Another observation is the difference in OS, PFS, and treatment responses between IT and TT in the first and second lines of treatment. A comparison of IT and TT treatment outcomes in the first and second lines indicated that patients receiving IT in the second line had a worse prognosis than patients receiving IT treatment in the first line. Existing studies indicate that immunotherapy administered before the targeted therapy may provide better results even in patients with BRAF mutation [23–27]. In our analysis, better prognosis in the first-line treatment with IT could be due to a lower number of patients receiving TT in the second line. However, 50% of our patients continued treatment with IT in the second line (received ipilimumab, anti-CTLA-4), which also affected the obtained results. However, this sequence of the treatment requires further research and observation.
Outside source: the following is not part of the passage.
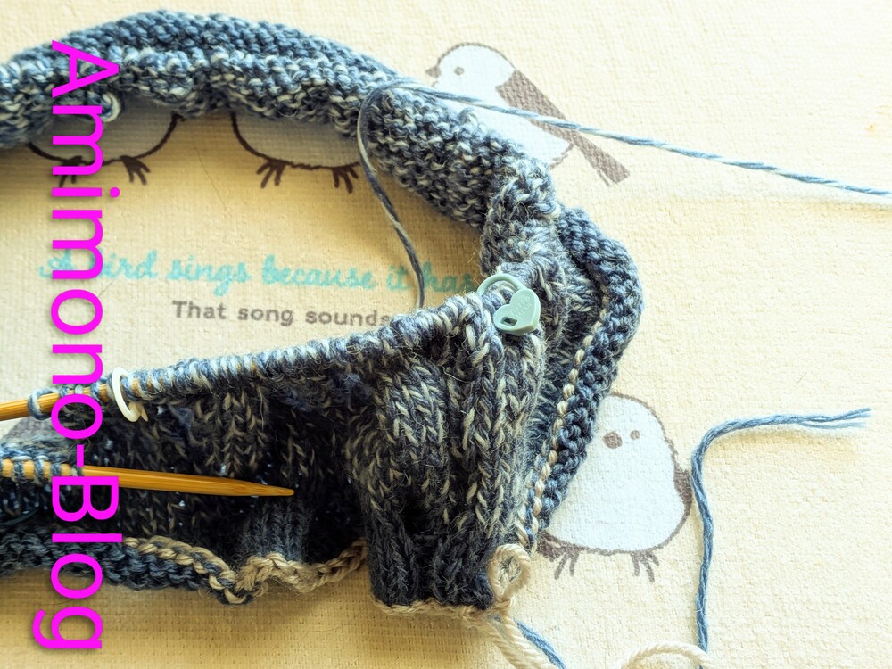 今回購入した毛糸が思ったより細くて、1玉しか買わなかったのでセーターからベストに変更に

Another observation is the difference in OS between BRAF-mutated and BRAF-wild type populations in first-line IT treatment. This may be the result of selecting BRAF-mutated patients for IT because BRAF-mutated patients who had better prognostic factors were more often qualified for IT treatment in the first line.
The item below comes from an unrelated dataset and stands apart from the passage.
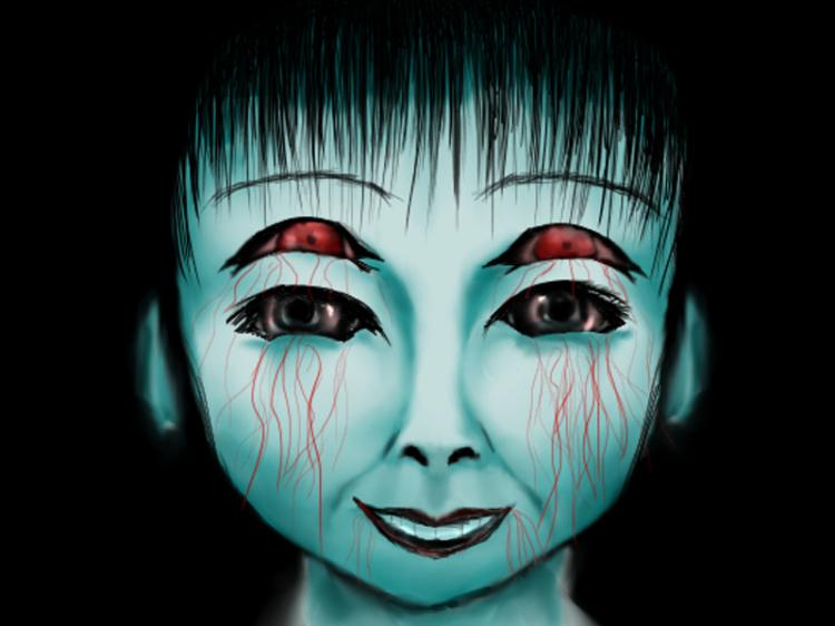 彼女はぐっと目を近付けた…、腐蝕され死んだ魚より濁った目。乾燥した皮膚が裂ける音、眉の上に引かれた鮮血のアイラインがミチミチと割れていく。もはやその音も彼の耳には届かない。キョロキョロと真新しいガラスの様な目が自分の目を射る…。

Our analysis has certain limitations because it is a retrospective study. Nevertheless, the experimental group is representative and comparable with other groups with respect to prognostic factors. The presented analysis (2013–2019) has indicated that normal LDH levels, absence of brain metastases, and good performance status have a positive impact on prognosis. Other studies with real-world data have also revealed similar prognostic factors [19–22]. Similar results were also found in research conducted before the era of new therapies [28–33] and in the analysis from 1995–2005 [5], which prove the similarity between these two populations. As expected, our data indicated that the presence of brain metastases predicts worse OS and PFS, which supports recently published studies [34, 35]. However, older analyses did not reveal such a strong impact of brain involvement on OS and PFS [3–5, 36–38], which is probably due to the absence of neuroimaging techniques in the detection of brain metastases. In our analysis, the prognostic factors associated with OS are similar to those obtained in other analyses and Melanoma Staging: American Joint Committee on Cancer (AJCC) 8th Edition [35, 39]. It should also be noted that despite the use of new treatment options and improved survival rates, prognostic factors remain the same, and the same group of patients still has a poor prognosis (poor general condition, brain metastases, and elevated LDH).